• **EXERCISE AIM**:
Each record should be given again exactly as it appears, with no image included.

------------------------------------------------------------

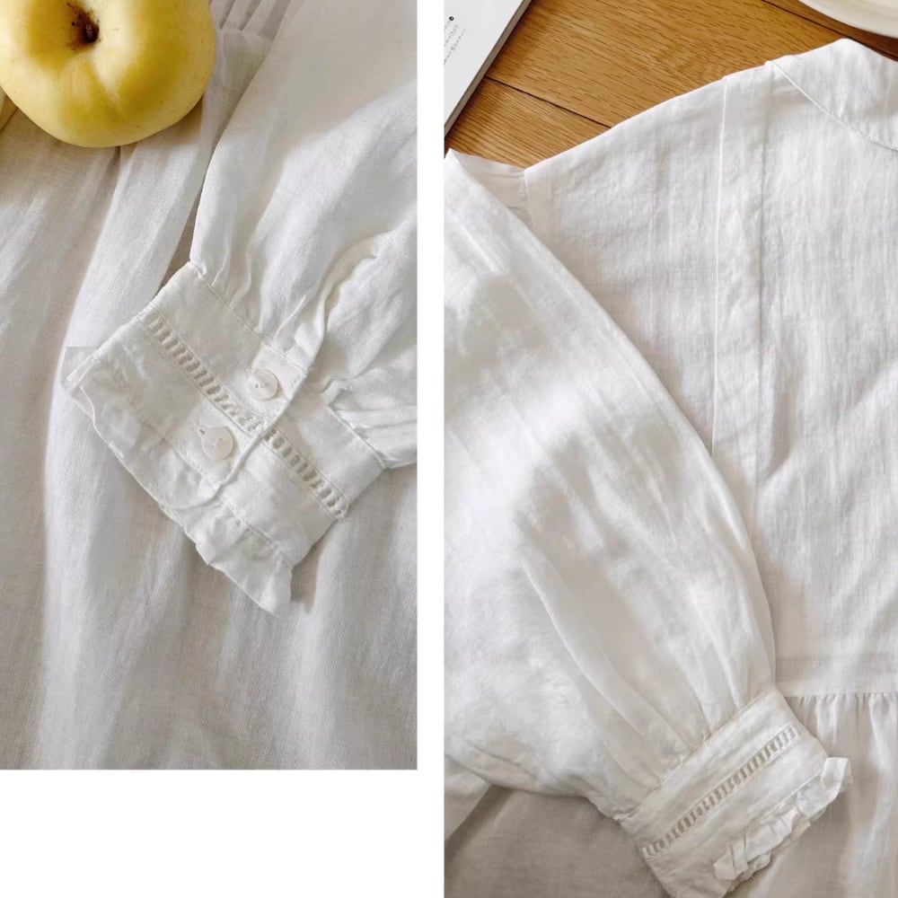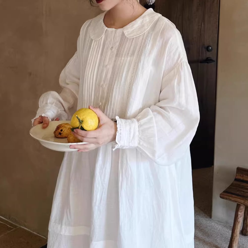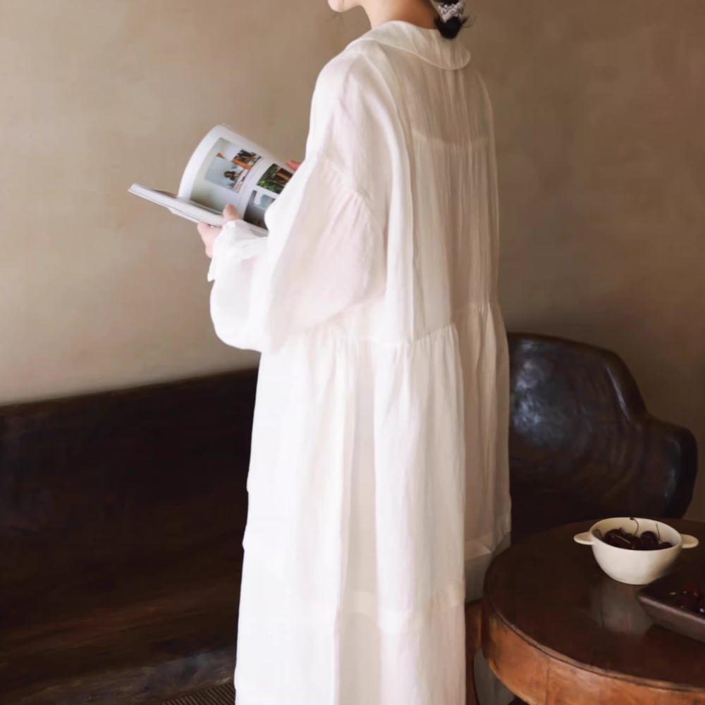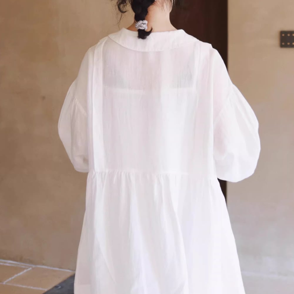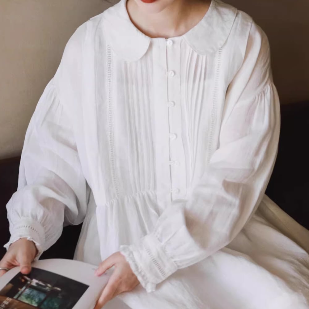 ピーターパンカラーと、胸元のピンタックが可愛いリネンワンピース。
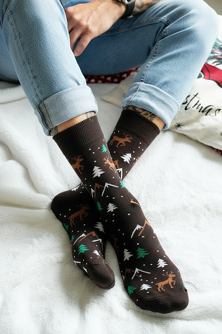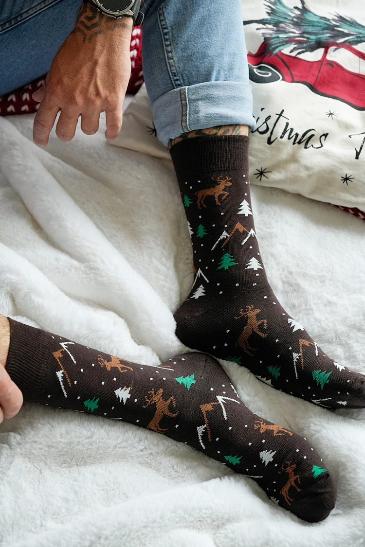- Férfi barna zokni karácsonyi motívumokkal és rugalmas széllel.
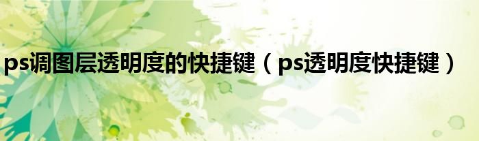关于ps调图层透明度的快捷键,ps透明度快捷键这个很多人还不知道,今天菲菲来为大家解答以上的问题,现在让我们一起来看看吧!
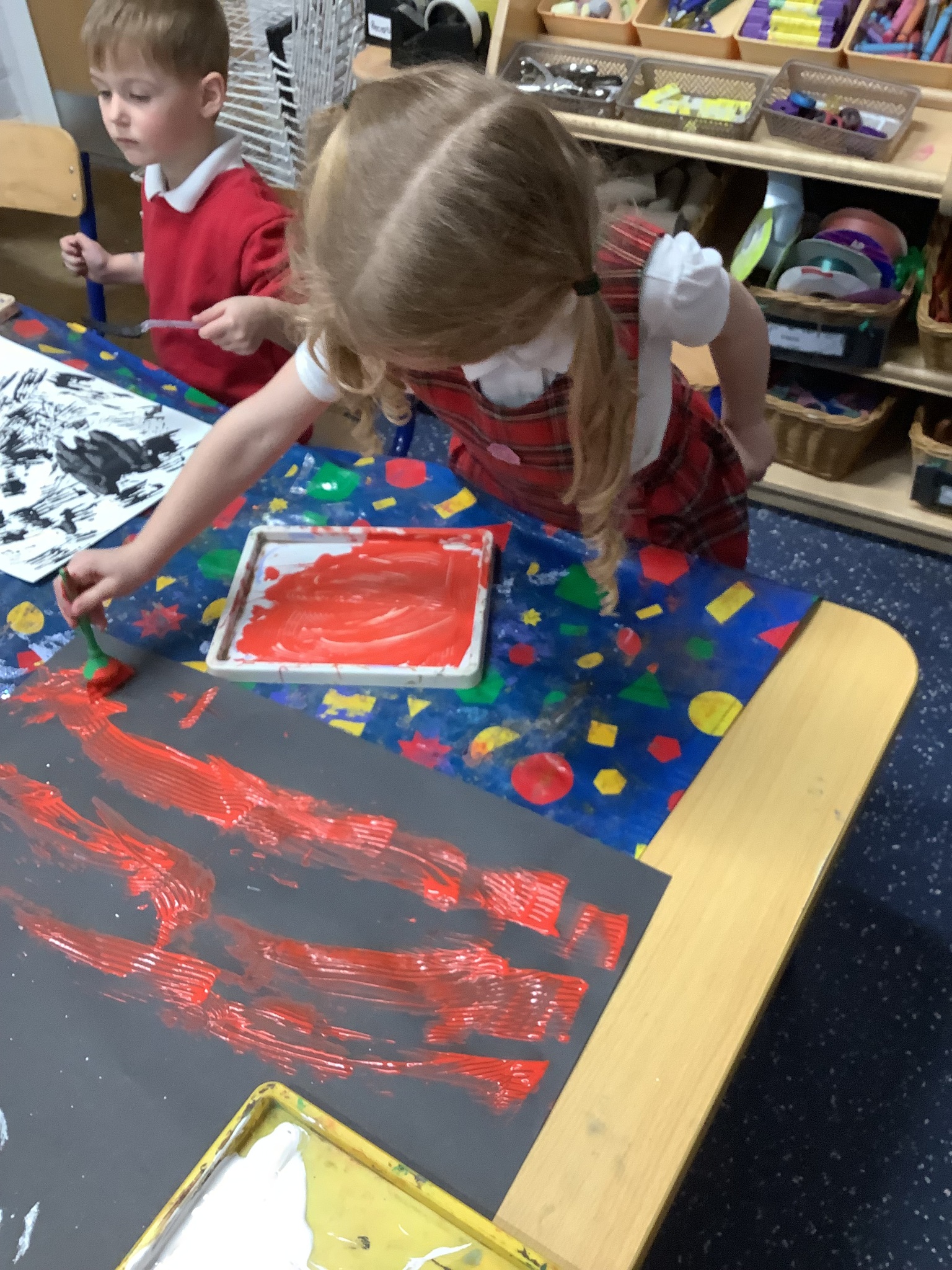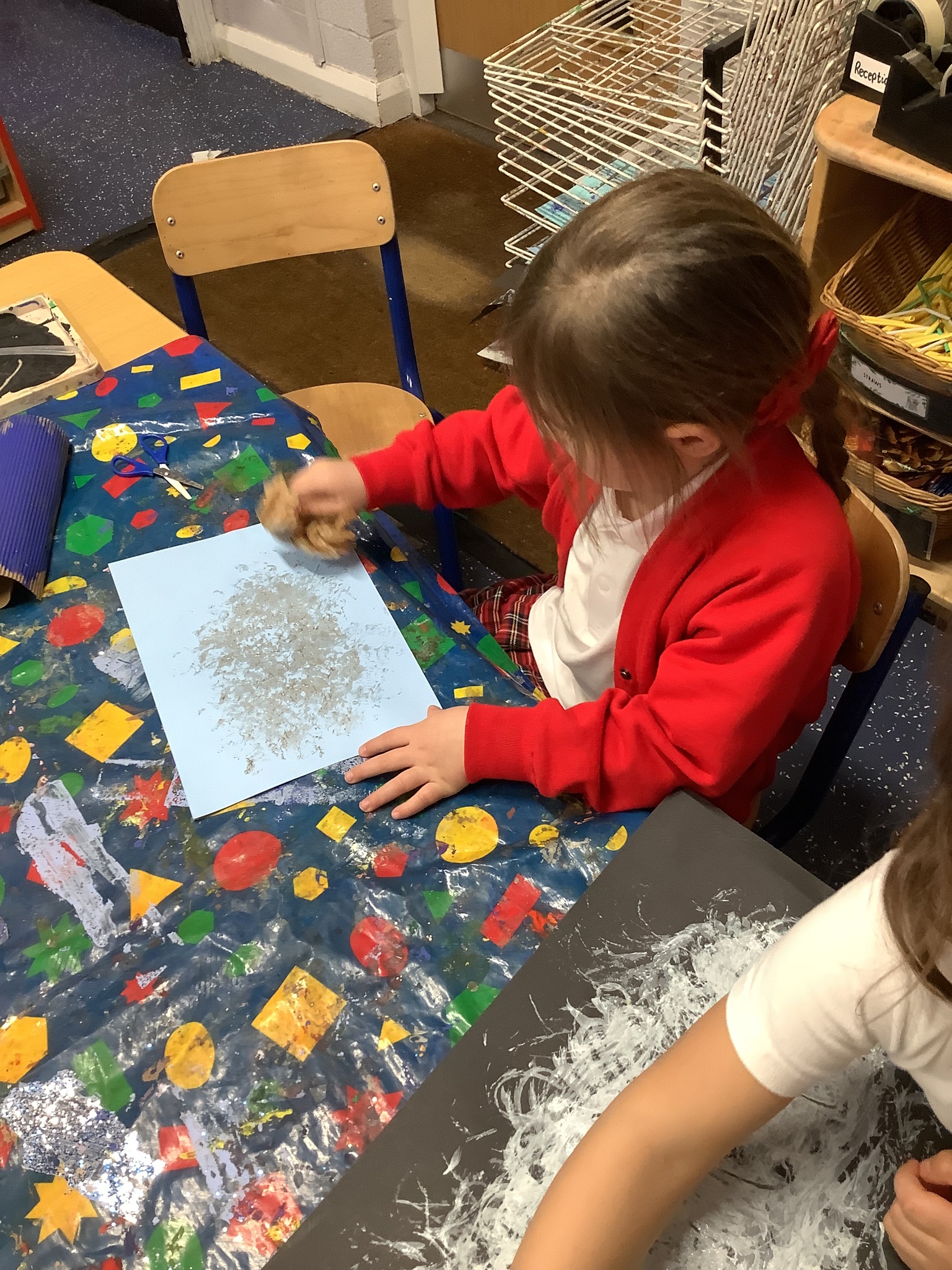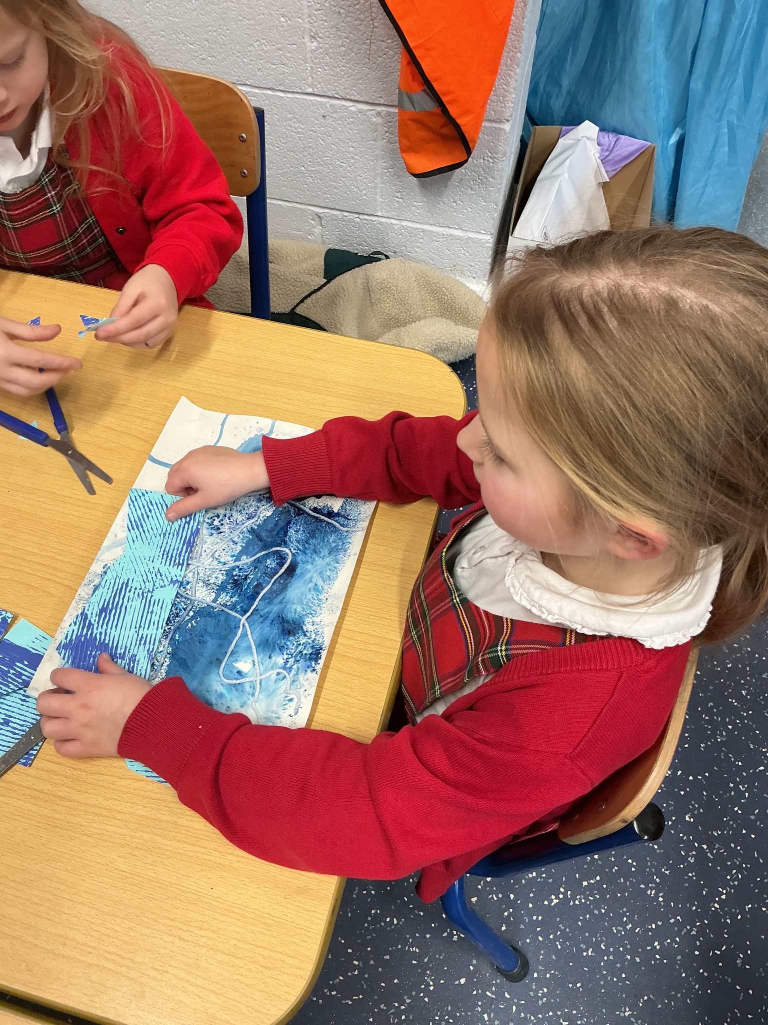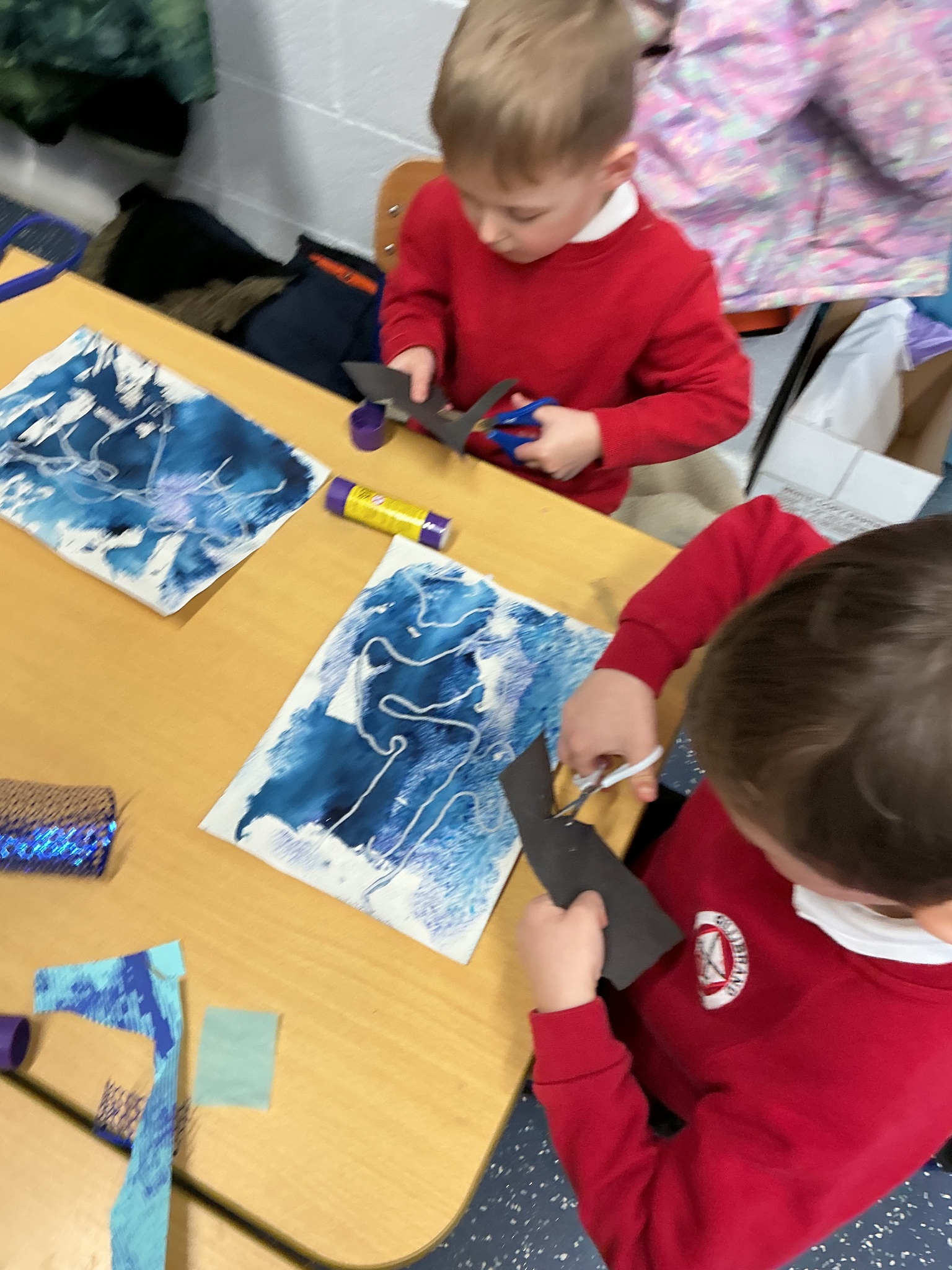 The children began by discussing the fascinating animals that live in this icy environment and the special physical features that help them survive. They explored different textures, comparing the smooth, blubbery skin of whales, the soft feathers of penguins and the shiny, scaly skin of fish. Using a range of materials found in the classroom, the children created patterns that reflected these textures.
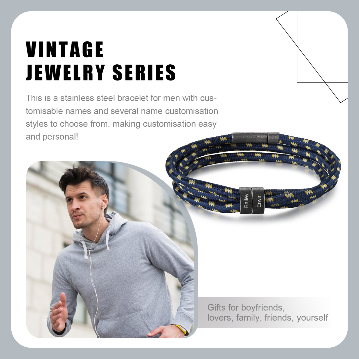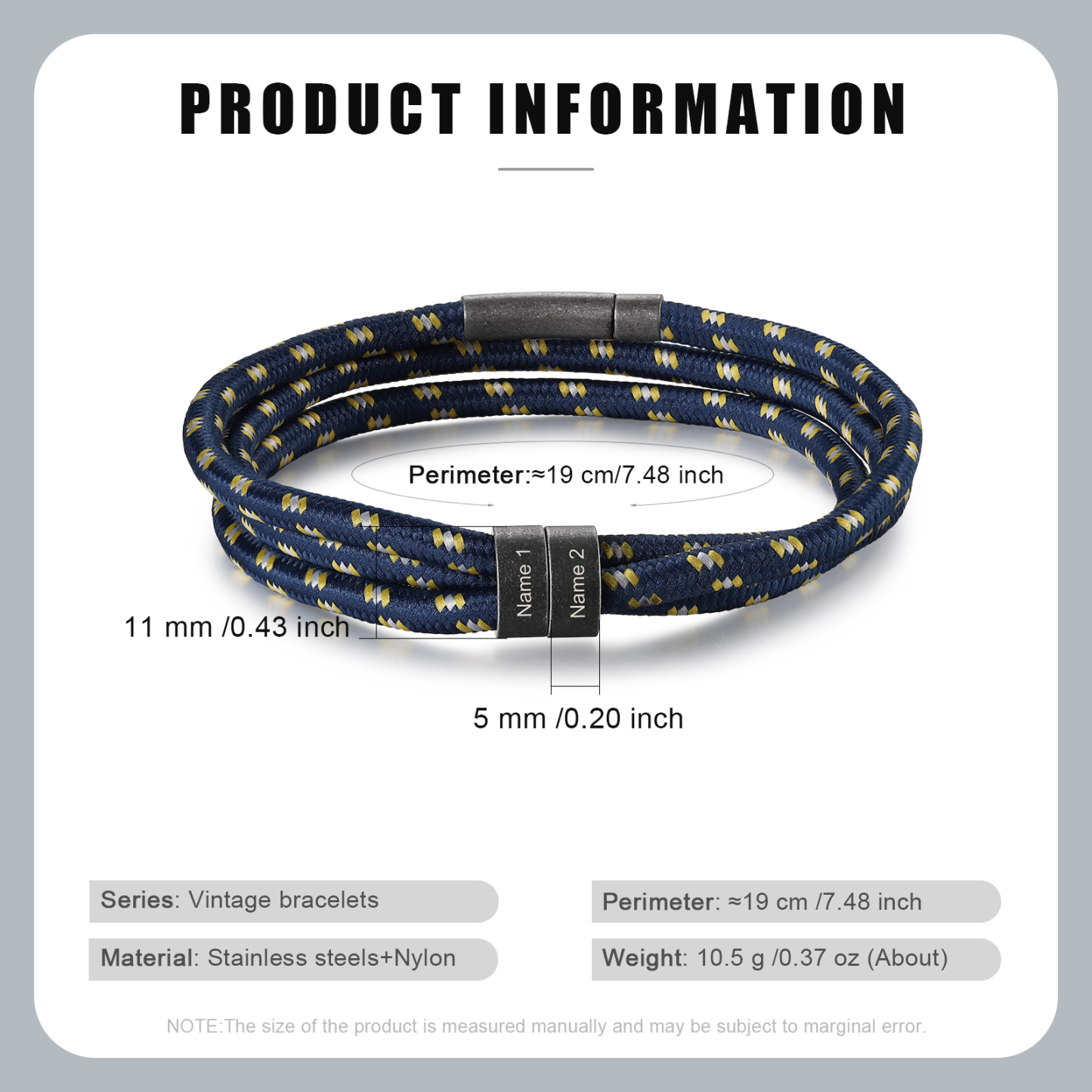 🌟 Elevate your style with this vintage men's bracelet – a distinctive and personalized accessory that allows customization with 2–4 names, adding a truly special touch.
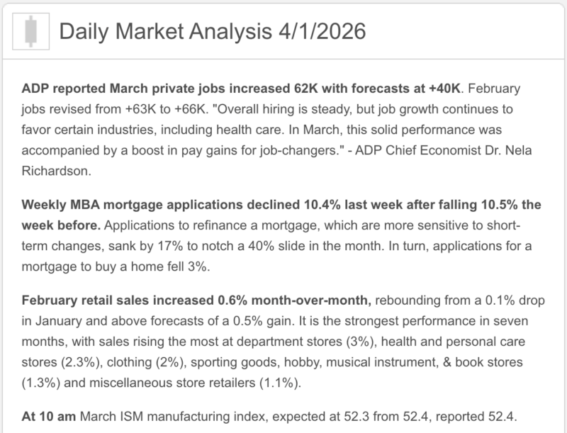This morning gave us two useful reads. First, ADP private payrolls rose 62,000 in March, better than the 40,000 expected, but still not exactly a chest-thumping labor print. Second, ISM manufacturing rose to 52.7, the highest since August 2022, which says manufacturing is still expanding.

------------------------------------------------------------

• **RESULT OF THE EXERCISE**:
 ピーターパンカラーと、胸元のピンタックが可愛いリネンワンピース。
- Férfi barna zokni karácsonyi motívumokkal és rugalmas széllel.
关于ps调图层透明度的快捷键,ps透明度快捷键这个很多人还不知道,今天菲菲来为大家解答以上的问题,现在让我们一起来看看吧!
 The children began by discussing the fascinating animals that live in this icy environment and the special physical features that help them survive. They explored different textures, comparing the smooth, blubbery skin of whales, the soft feathers of penguins and the shiny, scaly skin of fish. Using a range of materials found in the classroom, the children created patterns that reflected these textures.
 🌟 Elevate your style with this vintage men's bracelet – a distinctive and personalized accessory that allows customization with 2–4 names, adding a truly special touch.
This morning gave us two useful reads. First, ADP private payrolls rose 62,000 in March, better than the 40,000 expected, but still not exactly a chest-thumping labor print. Second, ISM manufacturing rose to 52.7, the highest since August 2022, which says manufacturing is still expanding.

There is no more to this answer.